Work task - With the images removed, repeat the data below exactly.

Given information -

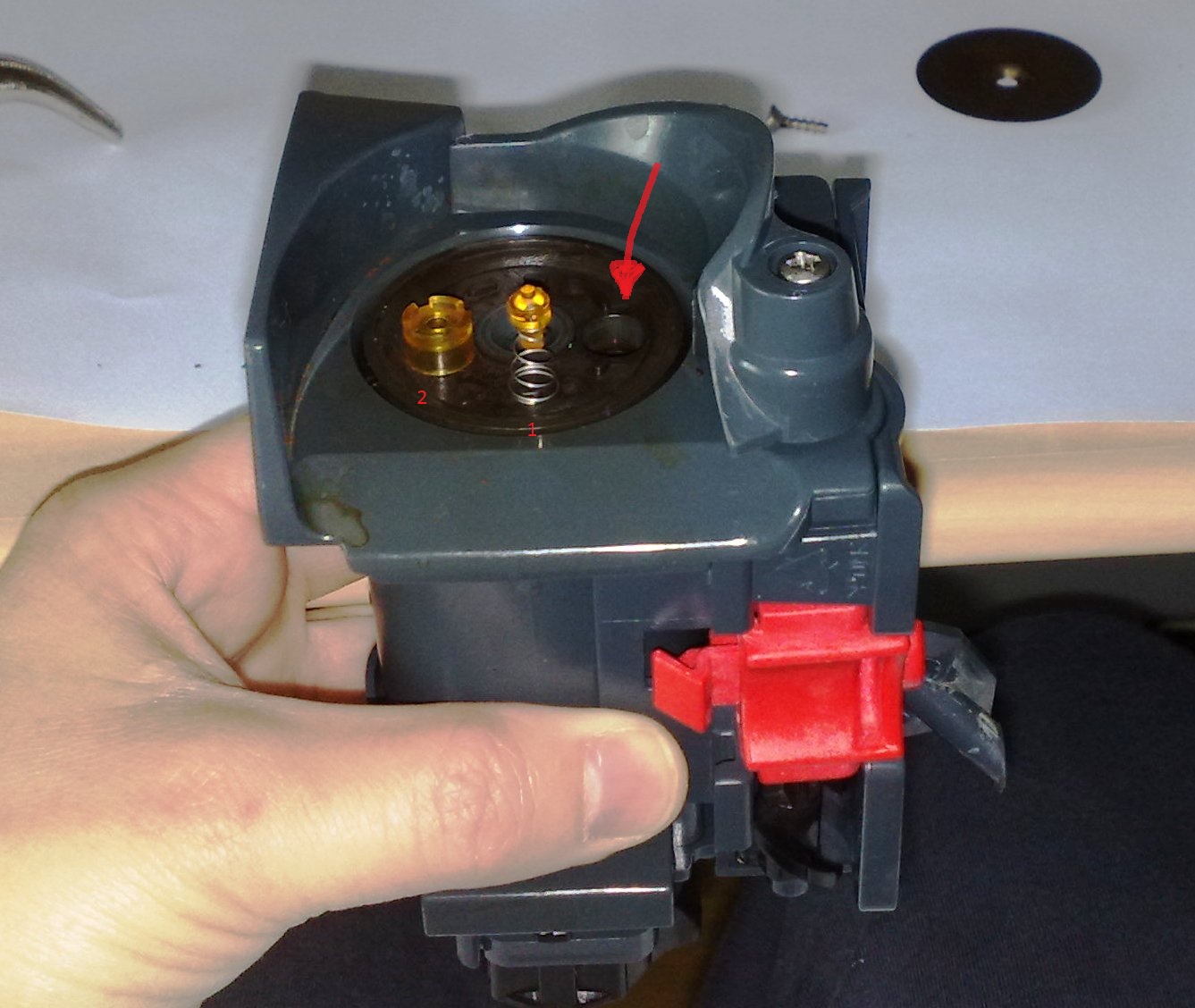 also oben Sieb weg, dann das Teil (1) mit der Feder nach unten in das Loch, danach das größere Teil (2) draufsetzen,
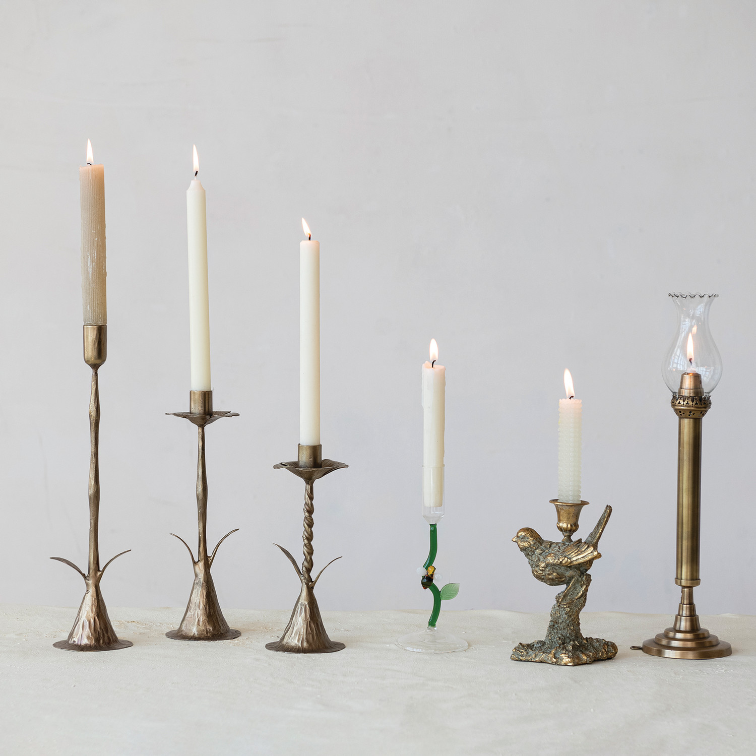 Hand-Forged Metal Stem Shaped Taper Holder, Antique Brass Finish
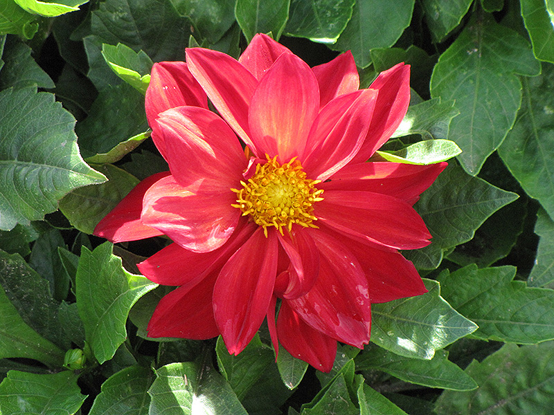 Dahlietta® Anna Dahlia features showy double scarlet daisy flowers with yellow eyes at the ends of the stems from early summer to mid fall. The flowers are excellent for cutting. Its serrated pointy leaves remain green in colour throughout the season.

Exercise response -
 also oben Sieb weg, dann das Teil (1) mit der Feder nach unten in das Loch, danach das größere Teil (2) draufsetzen,
 Hand-Forged Metal Stem Shaped Taper Holder, Antique Brass Finish
 Dahlietta® Anna Dahlia features showy double scarlet daisy flowers with yellow eyes at the ends of the stems from early summer to mid fall. The flowers are excellent for cutting. Its serrated pointy leaves remain green in colour throughout the season.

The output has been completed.